Hace poco leí un cómic, Logicomix, que contaba parte de la historia de Bertrand Russell (filósofo y matemático). Es un cómic muy interesante sobre el fundamento de las matemáticas modernas. Un tema muy duro y que jamás me ha interesado, pero el cómic me gustó y lo disfruté.
También leí hace poco tiempo La cuchara menguante. Es una serie de relatos que nos cuenta el descubrimiento de los elementos químicos de la tabla periódica. Otro tema que nunca me ha interesado, pero que no impidió que el libro me encantara y lo disfrutara.En el colegio y en el instituto no se me daban mal las matemáticas, tampoco bien. Eran algo que estaba ahí y nunca me propuse aprender nada de matemáticas por gusto. ¿Qué hacía yo leyendo un libro sobre los fundamentos de las matemáticas?

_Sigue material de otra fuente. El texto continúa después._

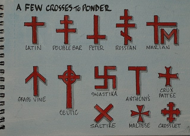 There are a couple of crosses here worthy of comment. The Peter cross is so called because it is believed Peter was crucified upside down. In the Australian outback you sometimes see an upside down cross cutout attached to a gate which is a warning that if you leave the gate open and you are caught you will suffer the same fate as Peter.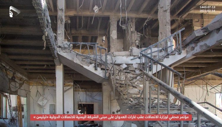 وكان طيران العدوان الأمريكي السعودي الإماراتي استهدف بغارتين عند الساعة الثانية صباح الاثنين 14 فبراير 2022م مبنى الشركة اليمنية للاتصالات الدولية في الجراف الغربي بمديرية الثورة بغارتين ما أدى الى تدميره كليا، وكذلك أضرارا بالغة بالمبنى المجاور للمبنى المستهدف.
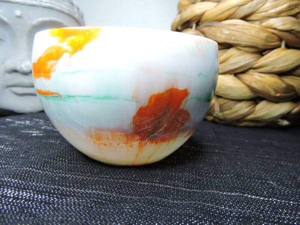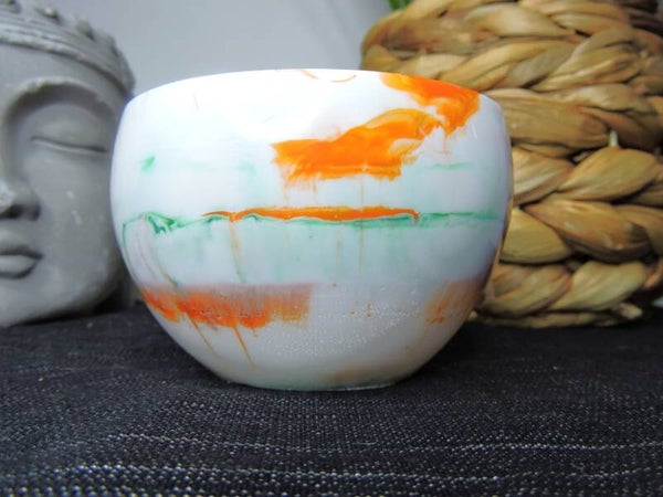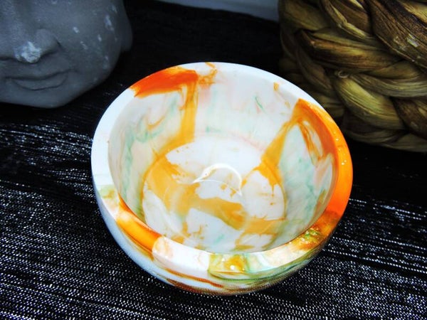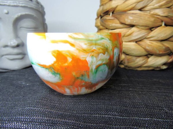 Contenant rond en résine , dans un mélange de orange/vert et blanc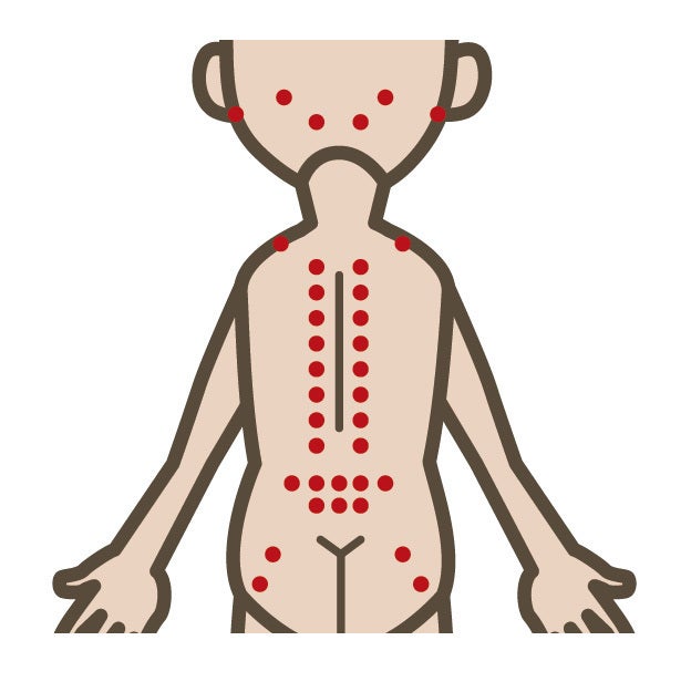 ツボとは、東洋医学の「気」の概念に基づく経絡(けいらく)上の経穴(けいけつ)で、全身に点在しています。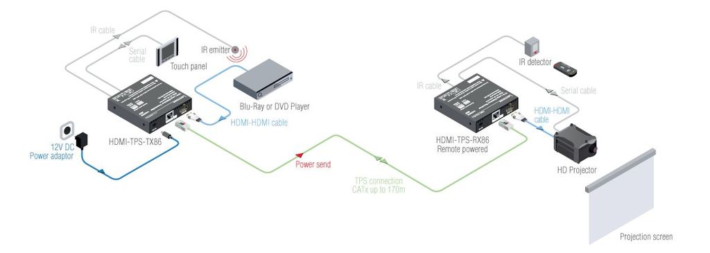 Удлинители HDMI-TPS-TX86 и HDMI-TPS-RX86 на витой паре HDBaseTTM обеспечивают передачу несжатого Full-HD видео на большие расстояния по одному кабелю CATx. Устройство обеспечивает двунаправленный проход RS-232 и ИК-порт по тому же кабелю CATx, по которому передается видеосигнал. Удлинители TPS поддерживают полное соответствие HDCP и EDID и работают со всеми стандартными AV-разрешениями вплоть до 4K и 48-битной глубиной цвета, поддерживая все стандартные аудиоформаты, а также 120 Гц 3D-сигналы. Удаленное питание доступно через один кабель CATx, но можно использовать и локальный источник питания. Все устройства могут быть установлены на полке в стойке или использоваться автономно.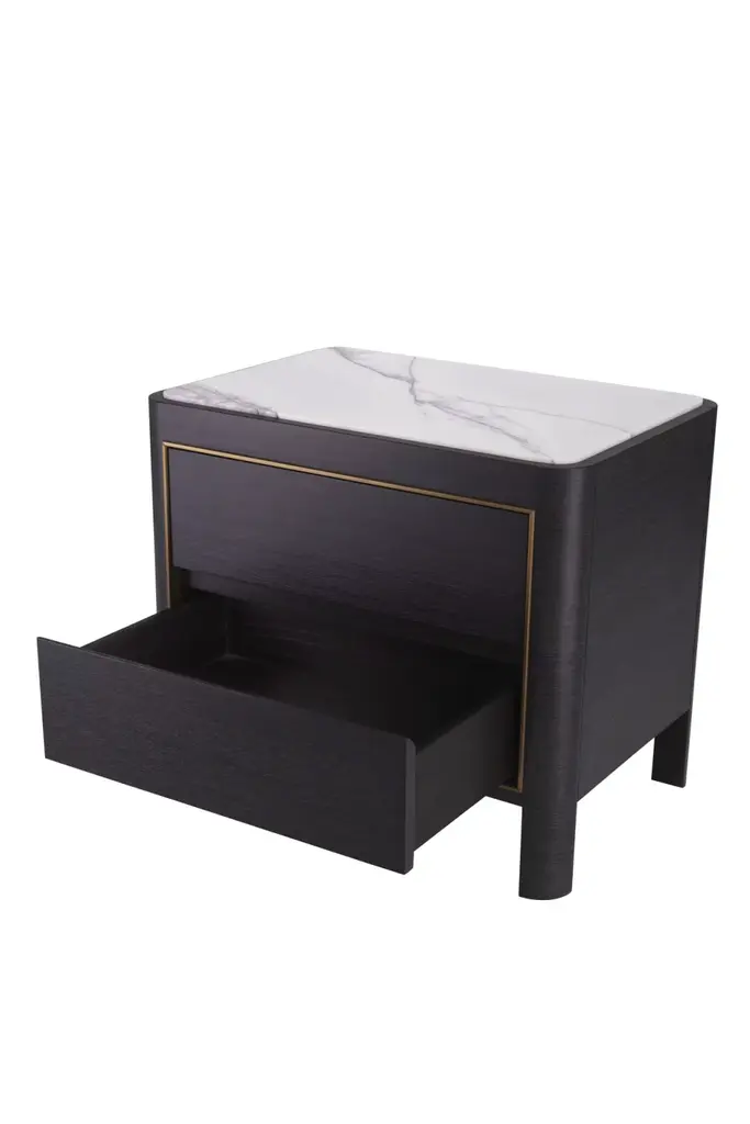Bedside Table Corazon is a chic and organised nightstand. Wrapped in a charcoal gray oak veneer casing and embellished with an Italian bianco lilac marble tabletop, this beautiful piece will enhance the style of your bedroom. The drawers are framed by a brushed brass rim and offer ample storage space for books, phone accessories and the like.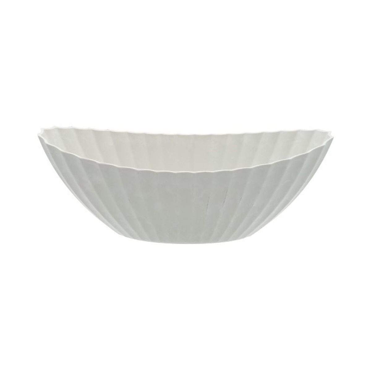 Ovale Deko Schale KENNYA mit Rillen, Kunststoff, weiß, 36x16x14cm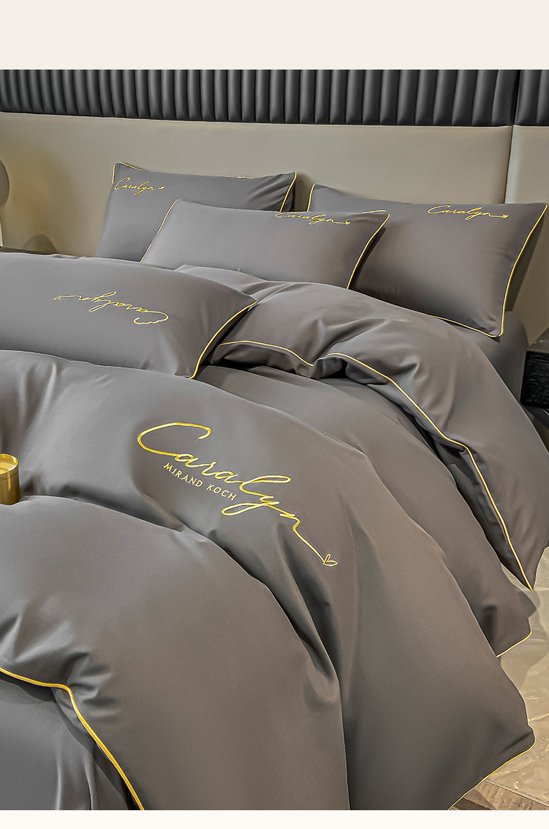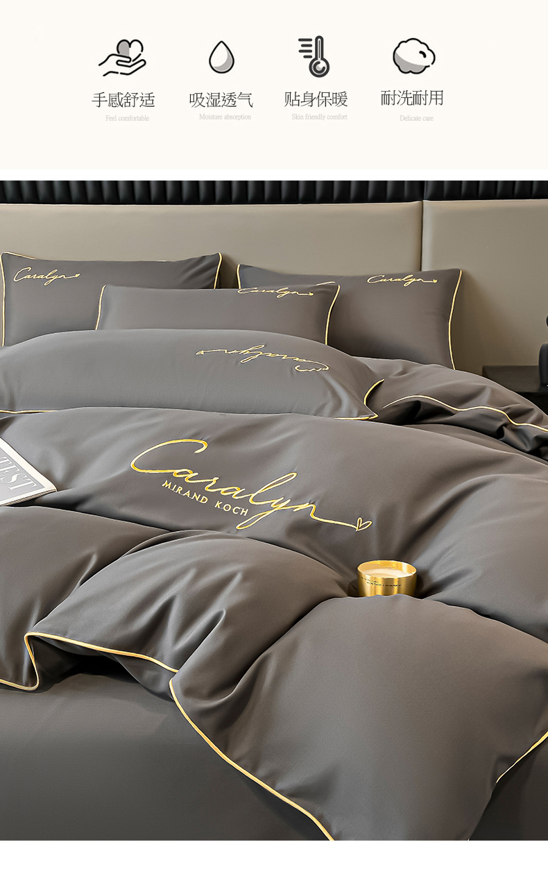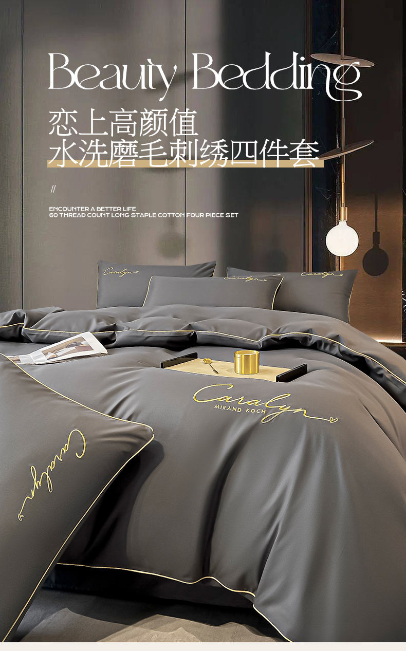 2025新款水洗磨毛刺绣四件套-慕斯 高级灰+米灰

La física o la química no eran mis platos favoritos. Y el libro de La Cuchara Menguante habla, mucho, de capas de electrones y otros fenómenos que en el instutito me parecían el cúlmen de la tortura académica. ¿Y cómo he podido disfrutar un libro sobre química?
La respuesta a ambas preguntas es sencillísima. En ambos libros me han contado una historia. Me han narrado los fundamentos de las matemáticas y cómo los electrones iban dando saltos por los átomos siendo perseguidos por un ejército de químicos.